::: Supplied data :::

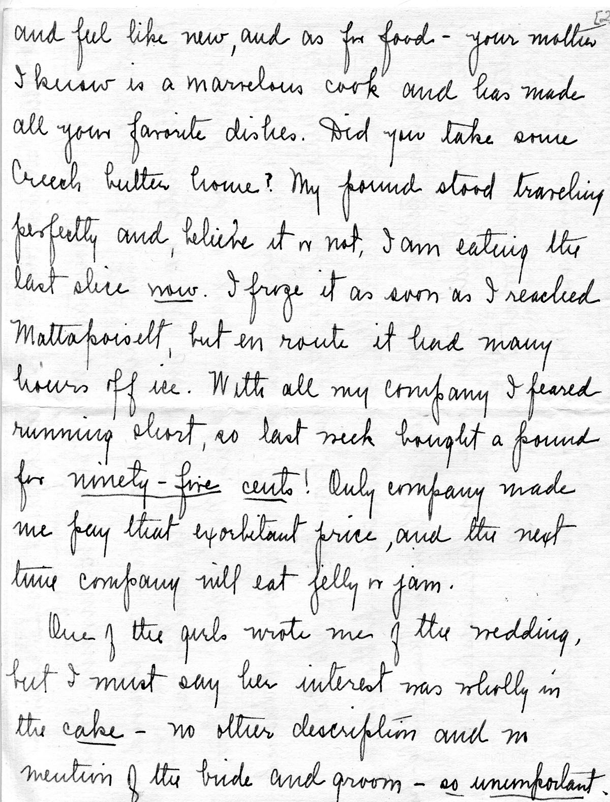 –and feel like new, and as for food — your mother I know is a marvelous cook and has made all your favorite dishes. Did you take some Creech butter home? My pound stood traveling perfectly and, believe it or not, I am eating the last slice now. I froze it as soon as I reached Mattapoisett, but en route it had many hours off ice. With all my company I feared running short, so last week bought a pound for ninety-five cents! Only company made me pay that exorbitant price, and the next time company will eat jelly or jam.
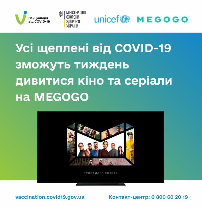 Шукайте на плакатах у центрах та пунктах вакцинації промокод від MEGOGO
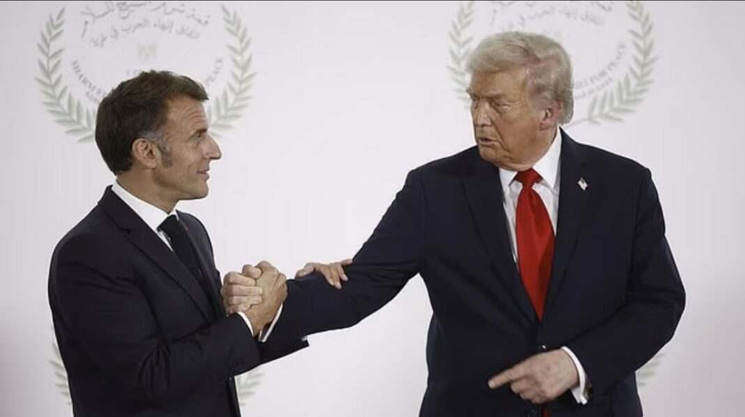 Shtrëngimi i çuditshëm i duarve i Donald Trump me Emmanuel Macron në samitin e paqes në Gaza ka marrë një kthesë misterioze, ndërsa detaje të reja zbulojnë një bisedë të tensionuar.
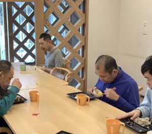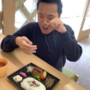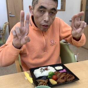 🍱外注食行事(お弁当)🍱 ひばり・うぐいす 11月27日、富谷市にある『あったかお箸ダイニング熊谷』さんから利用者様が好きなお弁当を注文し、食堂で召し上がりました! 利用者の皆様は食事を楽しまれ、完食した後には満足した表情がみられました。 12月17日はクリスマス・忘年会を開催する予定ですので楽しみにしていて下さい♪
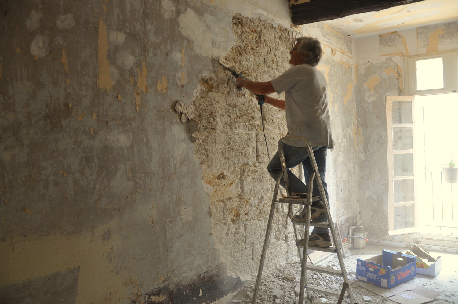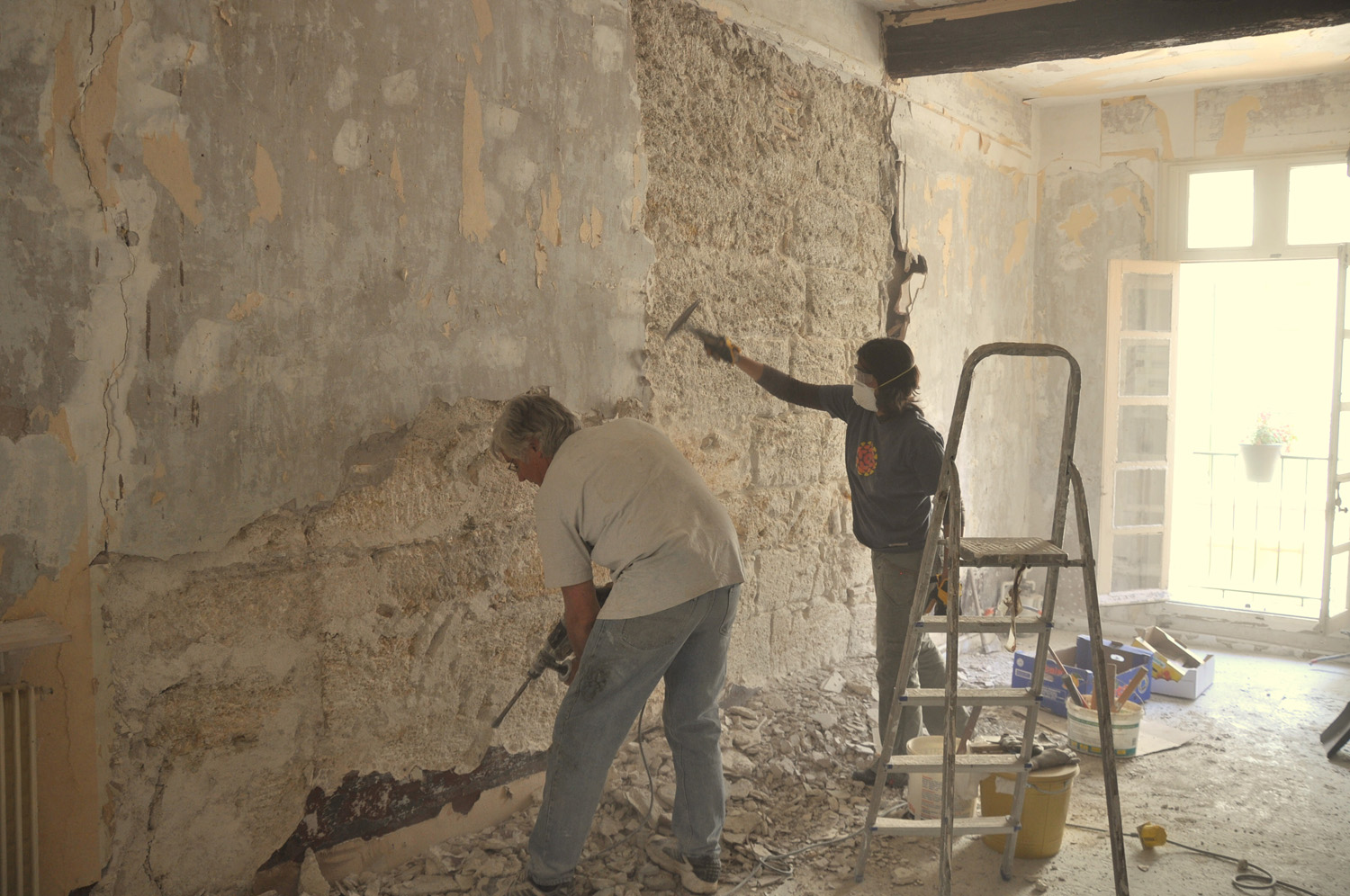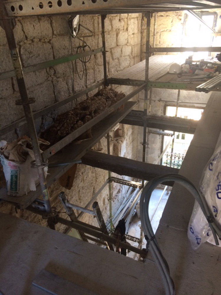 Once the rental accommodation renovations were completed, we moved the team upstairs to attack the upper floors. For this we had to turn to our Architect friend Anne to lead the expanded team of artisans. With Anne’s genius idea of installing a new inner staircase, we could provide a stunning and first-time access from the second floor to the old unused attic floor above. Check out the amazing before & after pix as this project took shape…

:::
::: Supplied data :::

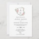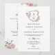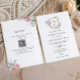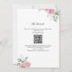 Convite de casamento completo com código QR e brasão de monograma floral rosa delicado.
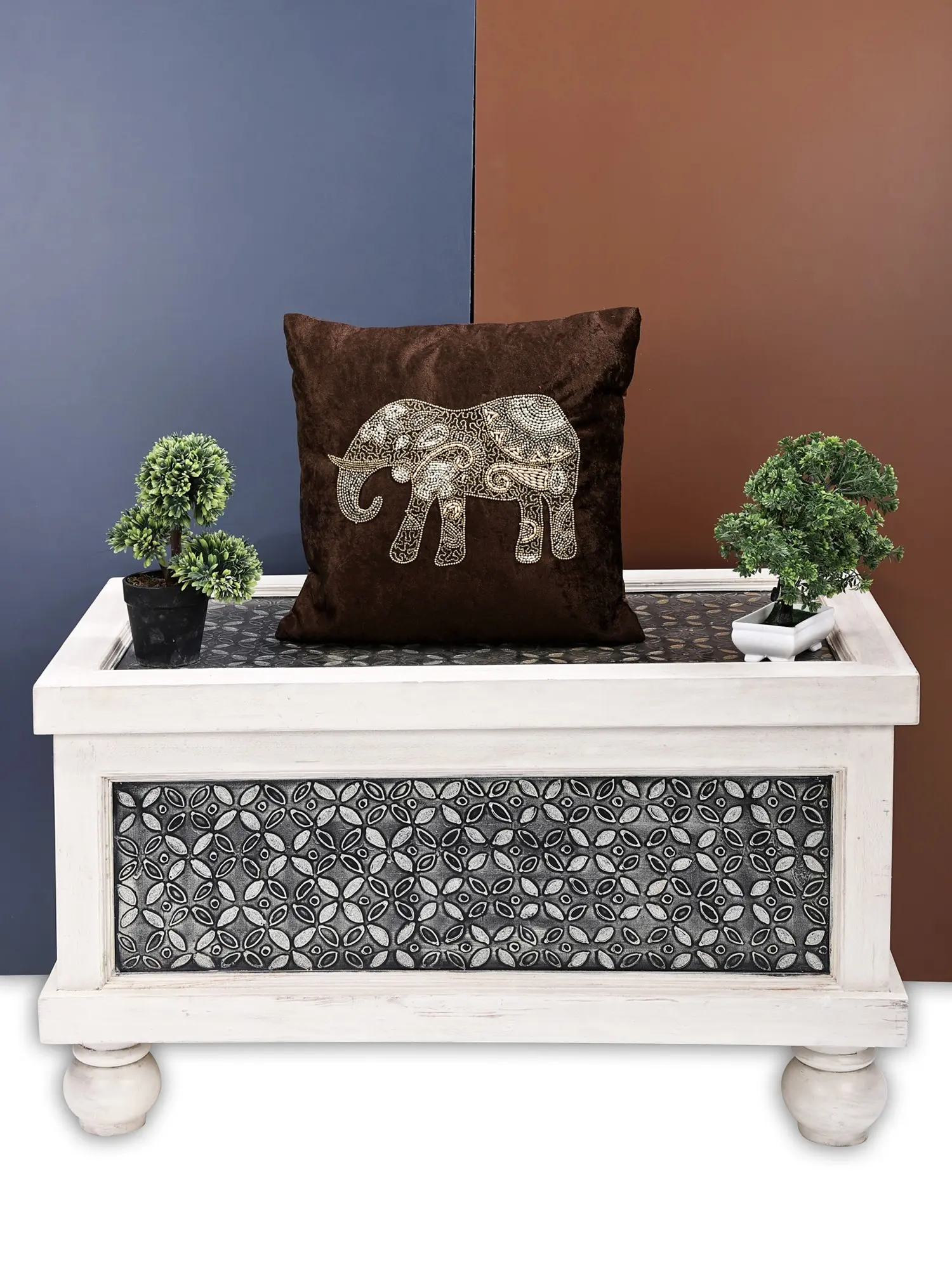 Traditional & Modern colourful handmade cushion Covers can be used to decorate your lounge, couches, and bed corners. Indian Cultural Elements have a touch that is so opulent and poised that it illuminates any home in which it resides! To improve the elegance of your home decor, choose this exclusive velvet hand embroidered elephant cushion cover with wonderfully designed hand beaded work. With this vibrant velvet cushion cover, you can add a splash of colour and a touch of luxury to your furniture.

:::

Look above for the line holding "Шукайте на плакатах" and output everything from it down to the line holding "Shtrëngimi i çuditshëm", both ends included, exactly and without images.

 Шукайте на плакатах у центрах та пунктах вакцинації промокод від MEGOGO
 Shtrëngimi i çuditshëm i duarve i Donald Trump me Emmanuel Macron në samitin e paqes në Gaza ka marrë një kthesë misterioze, ndërsa detaje të reja zbulojnë një bisedë të tensionuar.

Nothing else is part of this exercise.